This initiative’s main goal is to improve the SwiftPM resolution by implementing the Package Registry standard.
About
Why
When resolving dependencies, SwiftPM defaults to doing deep clones to resolve the correct version. Package Registry is a standard that allows the implementation of centralized registries, so that consumers only need to download source archives for versions they need instead of doing deep clones.
We plan to provide all packages in the Swift Package Index in a Tuist implementation of the Package Registry to improve the resolution times.
Goals
The goals of this initiative are:
- Server implementation of the Package Registry. We’re mostly done there.

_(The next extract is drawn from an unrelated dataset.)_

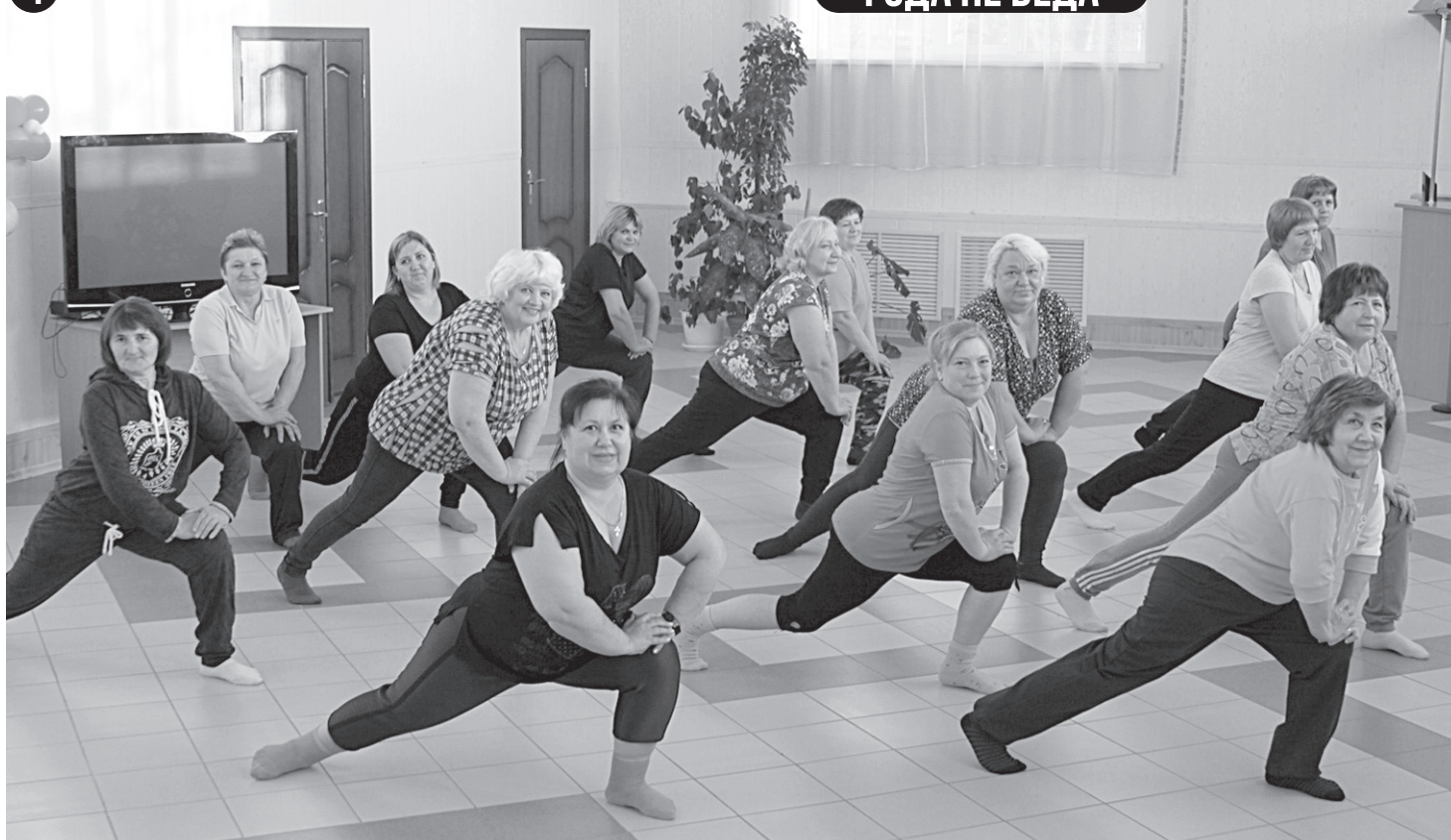
Жить – здорово!

- Implement convenient integration for:
- Tuist projects using XcodeProj-based integration
- Tuist projects using the default SwiftPM integration
- Vanilla SwiftPM projects
- Vanilla Xcode projects with the default SwiftPM integration
- Contribute back to
swift-package-manager
and improve its performance
Hey folks
I wanted to provide an update with some initial performance findings that we gathered from testing our registry with tuist/tuist
and our staging server environment.
We will also soon open the registry to initial testers – either tomorrow or early next week. We’ll provide the details here and in Slack.
Measurements
Here are the numbers I gathered (note the gathered numbers are from 1-2 runs, so take them with a pinch of salt)
Without registry :
Cold run without registry and with cache (Saving cache time 10s, install dependencies 1 min 7 s - 1 min 17s): Add actions cache · tuist/tuist@7dddb0b · GitHub
Warm run without registry and with cache (restore cache 8s, ~388 MB, install dependencies 20 s): Add actions cache · tuist/tuist@7dddb0b · GitHub
With registry:
Cold run with registry and cache (install dependencies 51 s - 55 s): Add actions cache · tuist/tuist@bce21b1 · GitHub
Warm run with registry and cache (restore cache 2s, ~71 MB - install dependencies 23 s): Add actions cache · tuist/tuist@bce21b1 · GitHub
Findings
The time savings for downloading and uploading the CI cache of the .build
directory are significant – around 80 %.
The resolution step itself is faster by around 20 %. We expected slightly better numbers and we believe that we can contribute back to the swift-package-manager
to improve those further.
Primarily, the archives could be downloaded in parallel, whereas now they are downloaded serially. The downloads occur here. When the loop is run in parallel, the download part of the resolution is 80 % faster – down to around 2 seconds from 13. We will try to open a PR with this change. Unfortunately, once and if merged, the change would only ship with the next Swift version.
We’ll also investigate if there are other parts of the resolution that can be sped up.